• _About this task_:
Word for word, restate the listing; omit the pictures.
┏━━
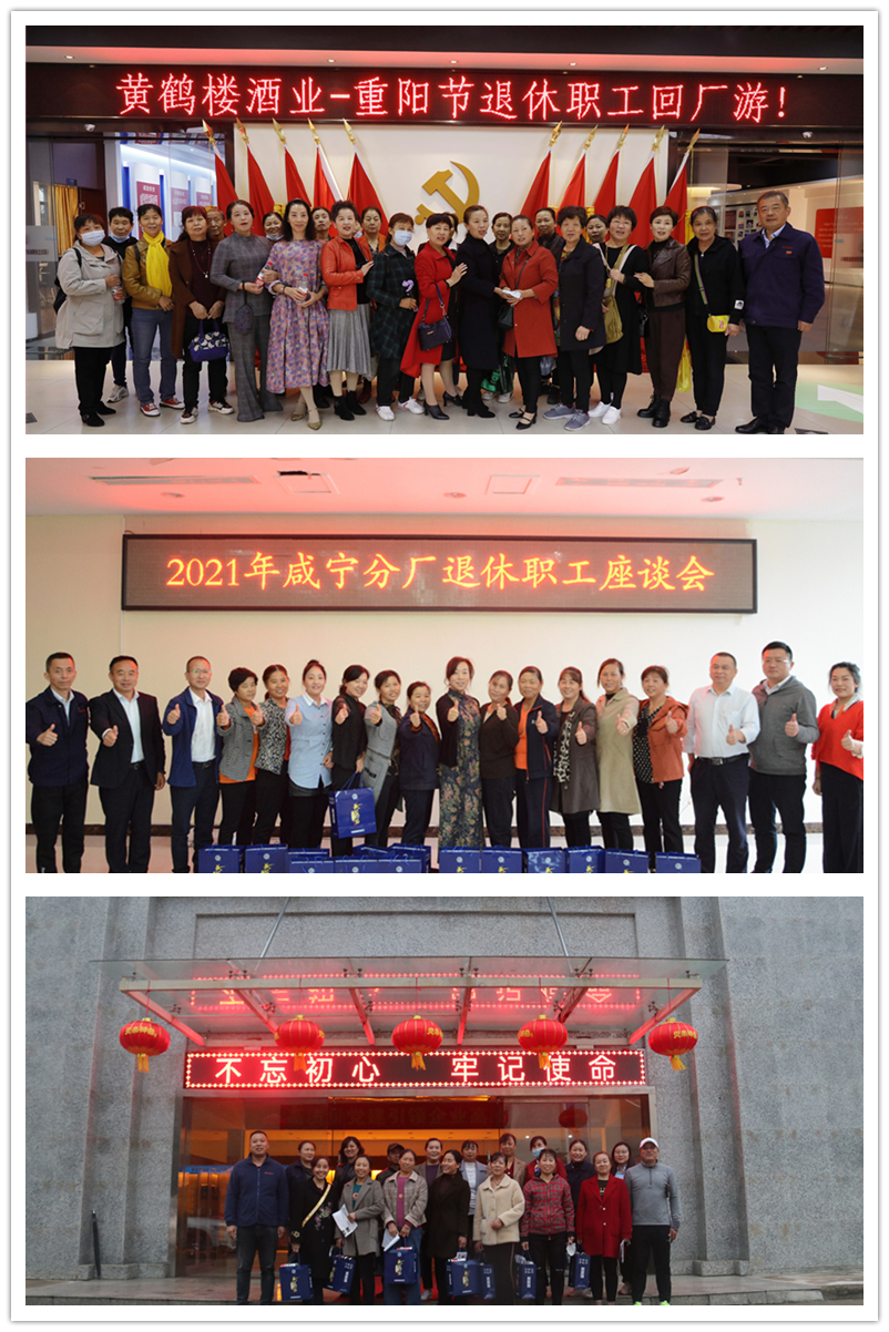 三地回廠活動形式多樣。武漢組織回廠游,帶領老員工們重溫故地,把酒言歡。咸寧、隨州開展座談會,了解退休職工生活現(xiàn)狀并介紹公司目前的發(fā)展形勢,送上佳節(jié)祝福與禮品,組織觀看企業(yè)宣傳片,暢談黃鶴樓酒業(yè)未來發(fā)展新藍圖。
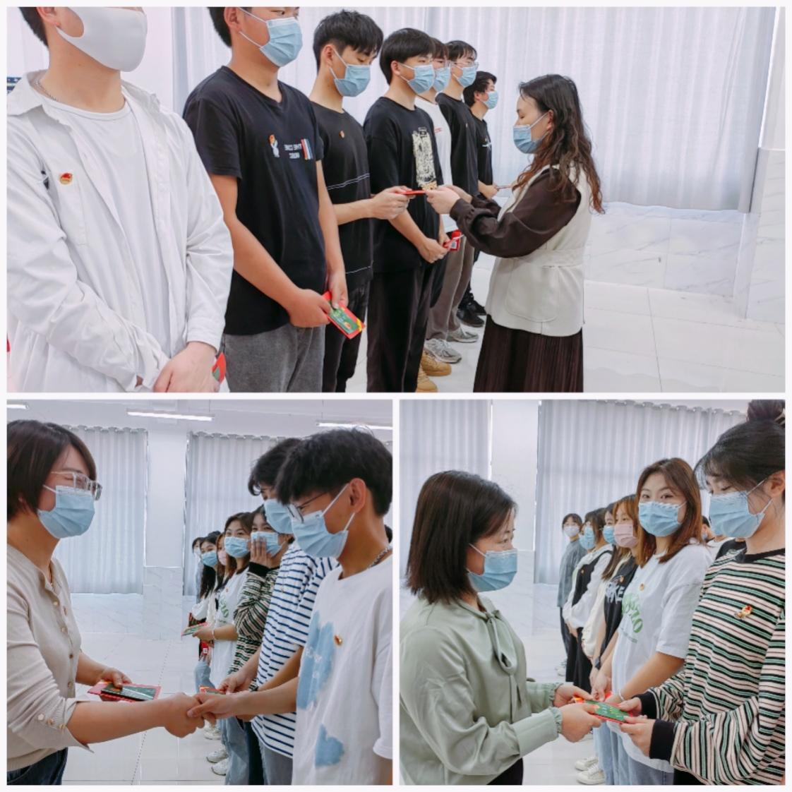 伴着雄壮的国歌声,入团仪式正式开始,主持人阐述了举办此次入团仪式的意义,三位书记为所有新团员门颁发团员证和团章,并逐一佩戴团徽。在校团委老师许鑫宇的带领下,佩戴整齐的新团员们在团旗前庄严宣誓。
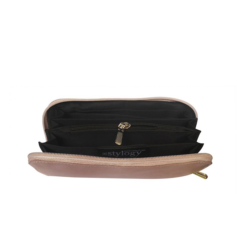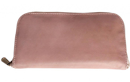 A great companion wallet crafted from Light Pink leather with black polyester inner lining. Design includes multiple slots to carry everyday essentials. Zipper closure.
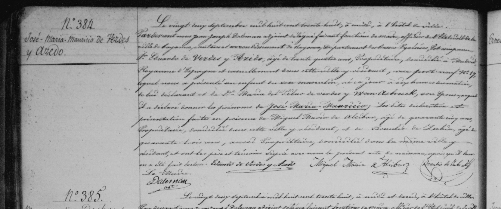 Nacimiento Jose Ma Verdes, Registro Bayona-22.09.1838
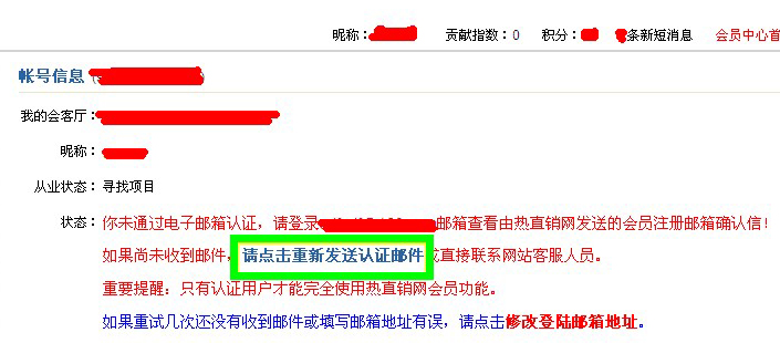 3、 如果你確定郵箱地址沒(méi)有填寫(xiě)錯(cuò)誤,而且也沒(méi)有在垃圾信箱中找到注冊(cè)確認(rèn)信,那么你可以嘗試點(diǎn)擊會(huì)員中心的“請(qǐng)點(diǎn)擊重新發(fā)送認(rèn)證郵件”。
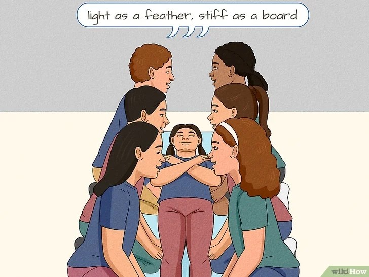After that, everyone puts their fingers back under the person. The leader chants, “Light as a feather, stiff as a board,” repeating the phrase many times. Then the group begins lifting the person slowly. Unlike the first lifting attempt, this one should happen easily and for only a few inches. Then the group lowers the person back to the ground.
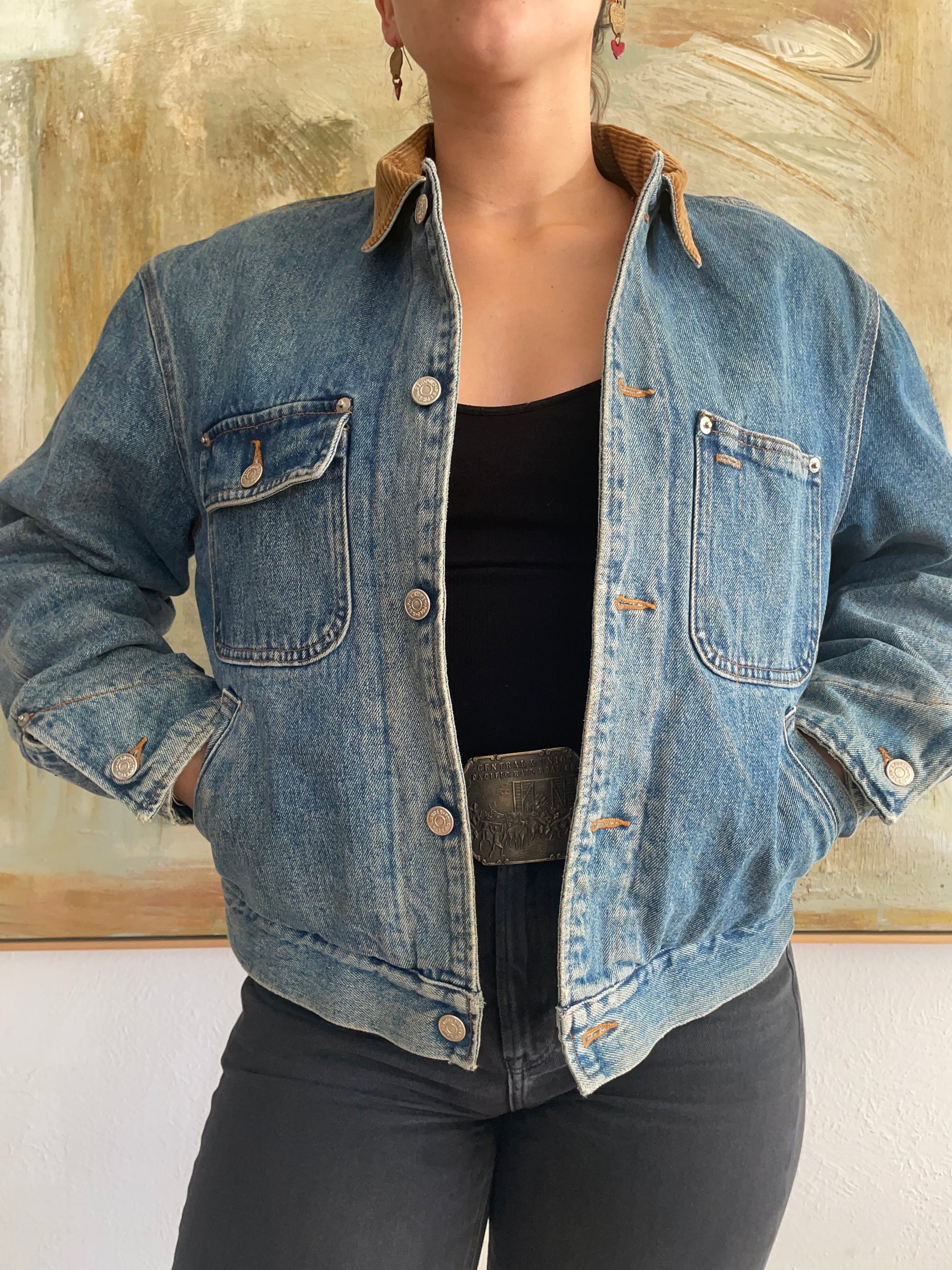 Lined with plaid and featuring a corduroy collar, this jacket is warm and perfect for layering.
┗━━
• _Solution to this task_:
 三地回廠活動形式多樣。武漢組織回廠游,帶領老員工們重溫故地,把酒言歡。咸寧、隨州開展座談會,了解退休職工生活現(xiàn)狀并介紹公司目前的發(fā)展形勢,送上佳節(jié)祝福與禮品,組織觀看企業(yè)宣傳片,暢談黃鶴樓酒業(yè)未來發(fā)展新藍圖。
 伴着雄壮的国歌声,入团仪式正式开始,主持人阐述了举办此次入团仪式的意义,三位书记为所有新团员门颁发团员证和团章,并逐一佩戴团徽。在校团委老师许鑫宇的带领下,佩戴整齐的新团员们在团旗前庄严宣誓。
 A great companion wallet crafted from Light Pink leather with black polyester inner lining. Design includes multiple slots to carry everyday essentials. Zipper closure.
 Nacimiento Jose Ma Verdes, Registro Bayona-22.09.1838
 3、 如果你確定郵箱地址沒(méi)有填寫(xiě)錯(cuò)誤,而且也沒(méi)有在垃圾信箱中找到注冊(cè)確認(rèn)信,那么你可以嘗試點(diǎn)擊會(huì)員中心的“請(qǐng)點(diǎn)擊重新發(fā)送認(rèn)證郵件”。
After that, everyone puts their fingers back under the person. The leader chants, “Light as a feather, stiff as a board,” repeating the phrase many times. Then the group begins lifting the person slowly. Unlike the first lifting attempt, this one should happen easily and for only a few inches. Then the group lowers the person back to the ground.
 Lined with plaid and featuring a corduroy collar, this jacket is warm and perfect for layering.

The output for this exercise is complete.